Historical diarrhea bacteria blasted past antibiotics, scooped pre-resistance

Color-enhanced scanning electron micrograph showing Salmonella Typhimurium (red) invading cultured human cells.

As soon as scientists figured out how to harness the power of antibiotic drugs, bacteria hit back. Following clinical trials of penicillin around 1941, doctors documented the spread of penicillin-resistant Staphylococcus aureus among hospital patients in 1942. By the late 1960s, more than 80 percent of S. aureus bacteria isolated in and out of hospitals turned up resistant to the revolutionary drug.

It’s a common pattern that has led to the crisis of antibiotic resistance the world is now facing. In 1945, Alexander Fleming himself—the discoverer of penicillin—even warned of such “an era… of abuses,” in which strong public demand for antibiotics would drive bacterial resistance that render the “miraculous” drugs impotent.

But the problem is not just overuse in people. And sometimes, bacteria aren’t just one step behind—they may be one step ahead, according to a new study in the Lancet Infectious Diseases.

Genetic analyses of 288 bacterial isolates collected between 1911 and 1969 from 31 countries show that Salmonella developed resistance to an antibiotic several years before that drug even hit the market. The finding suggests that the diarrhea-causing bacteria were somehow primed to withstand the semi-synthetic antibiotic ampicillin before doctors could prescribe it in the early 1960s. Thus, overuse in humans didn’t drive the emergence of that resistance.

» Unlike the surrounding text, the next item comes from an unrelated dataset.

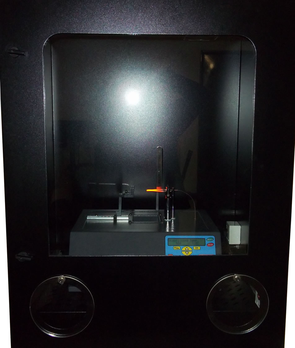 Dispositivo diseñado y fabricado para ensayos de flamabilidad.

Instead, the authors speculate that overuse of a related antibiotic—penicillin G—in animals may be to blame. During the 1950s and 1960s, farmers used low doses of penicillin G to enhance the growth of poultry and pigs, as well as prevent infections in pigs. The authors, led by bacteriologist François-Xavier Weill of the Institut Pasteur in Paris, suspect that the low doses of the drug that lingered in the waste, water, and soil around farms may have spurred the development and spread of genes that make bacteria resistant to the antibiotic. Because ampicillin is a derivative of penicillin, it may have helped make them resistant to the newer drug, too.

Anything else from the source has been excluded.